Search code examples
gitgithubgithub-enterprise

Impact on storage when forking a repository


Scenario: Master repository with 100+ developers working off it

Is there a significant impact on Github storage space in the scenario where 100+ developers are forking a parent repo or is it a valid strategy for each developer to have their own fork of the repo, and then make PRs to the parent repo?

I looked through several other threads that may have some relevance to this question, but was only able to find that forks share objects to minimize storage usage.
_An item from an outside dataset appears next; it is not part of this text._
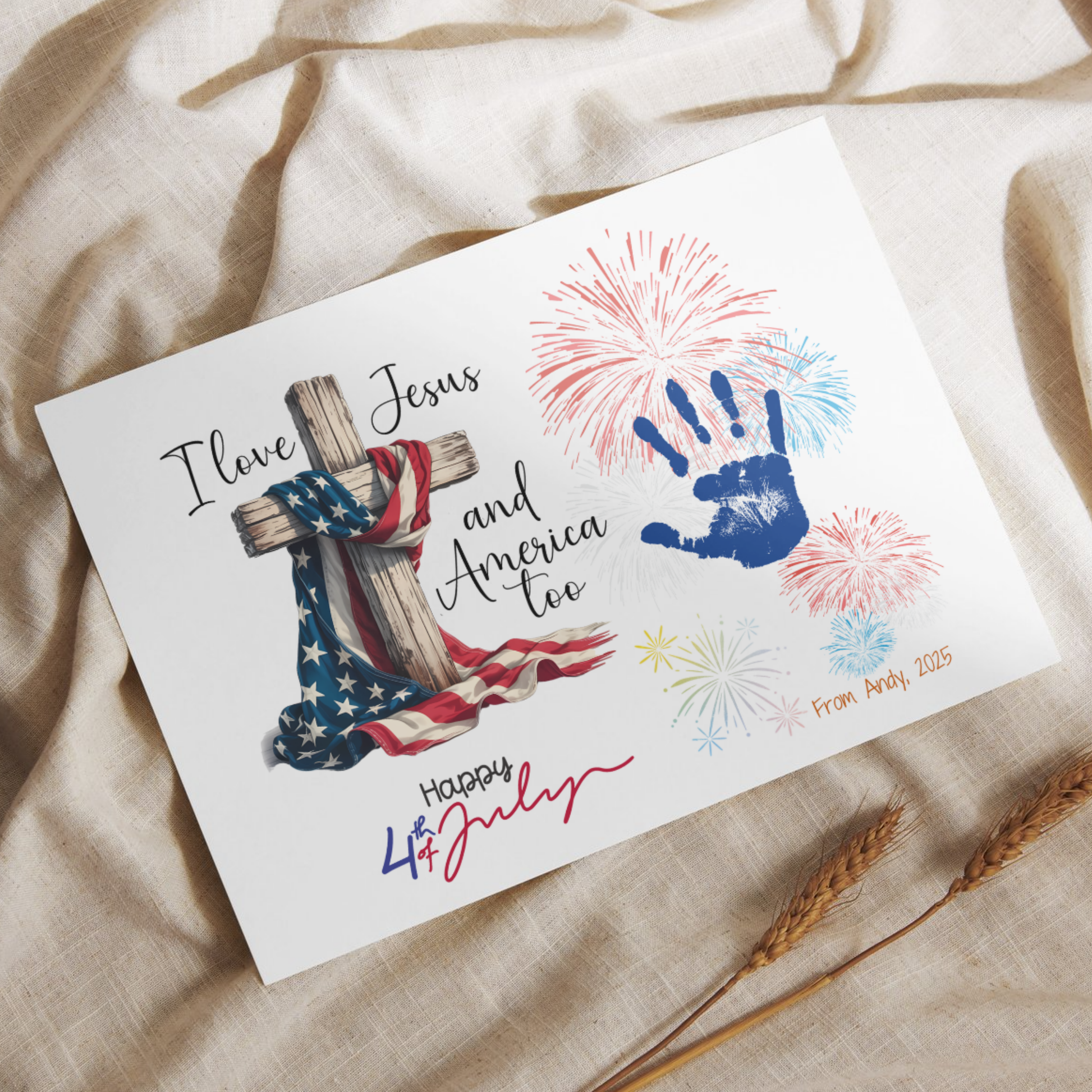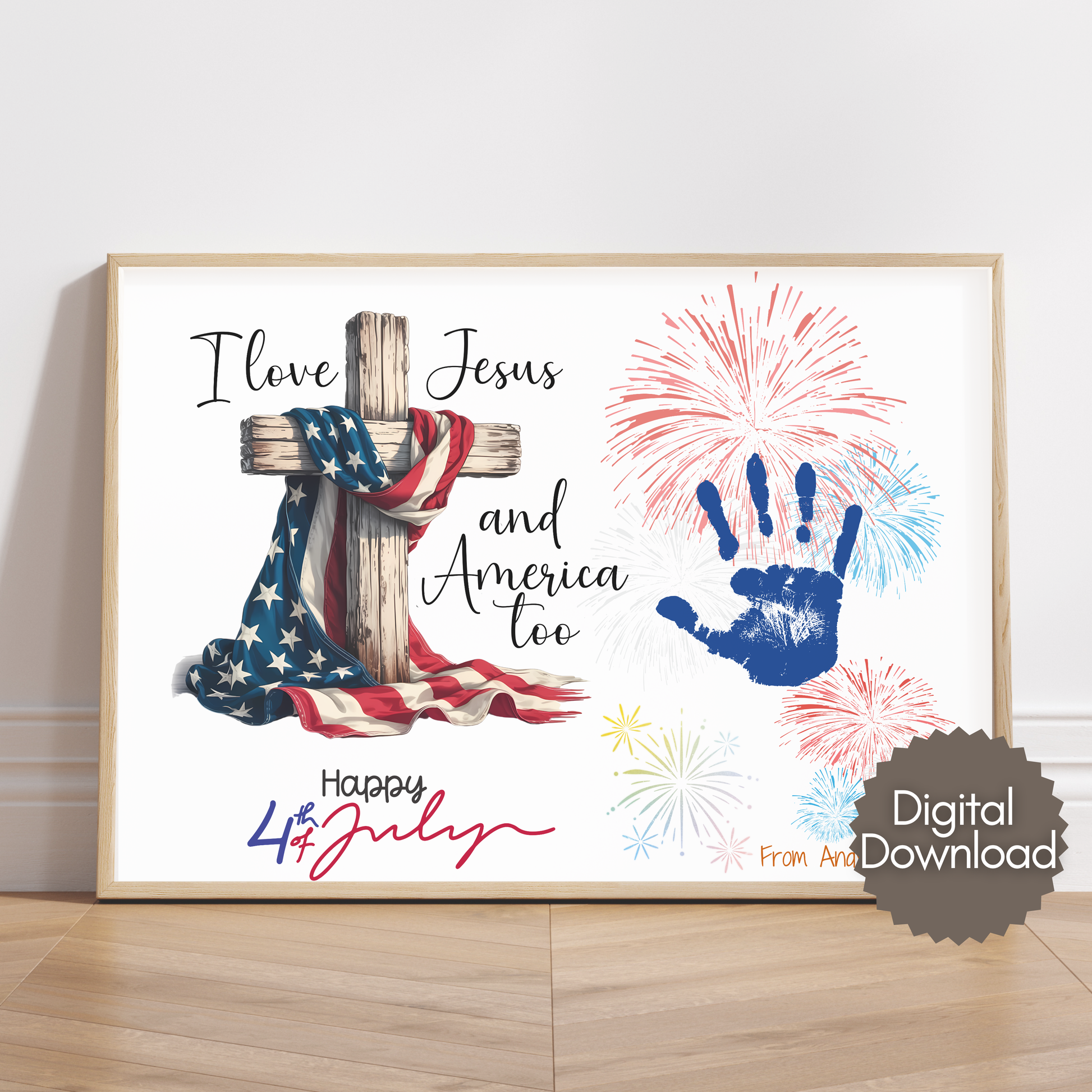 Celebrate faith and freedom this Independence Day with our Christian 4th of July instant download! Featuring a sweet and patriotic phrase, this DIY art project lets little ones create a heartfelt keepsake that honors both their love for God and their country.

However, I was not able to figure out the level of impact on a large scale (hundreds of forks) and if this will significantly take up available storage.


Solution

  • A fork, on GitHub, would not duplicate (on theGitHub server side) the full repository, as explained in "Counting Objects" by Vicent Martí in 2015.

    Very early on we figured out that actually forking people’s repositories was not sustainable.

    For instance, there are almost 11,000 forks of Rails hosted on GitHub: if each one of them were its own copy of the repository, that would imply an incredible amount of redundant disk space, requiring several times more fileservers than the ones we have in our infrastructure.

    That’s why we decided to use a feature of Git called alternates.

    When you fork a repository on GitHub, we create a shallow copy of it.
    This copy has no objects of its own, but it has access to all the objects of an alternate, a root repository we call network.git and which contains the objects for all the forks in the network.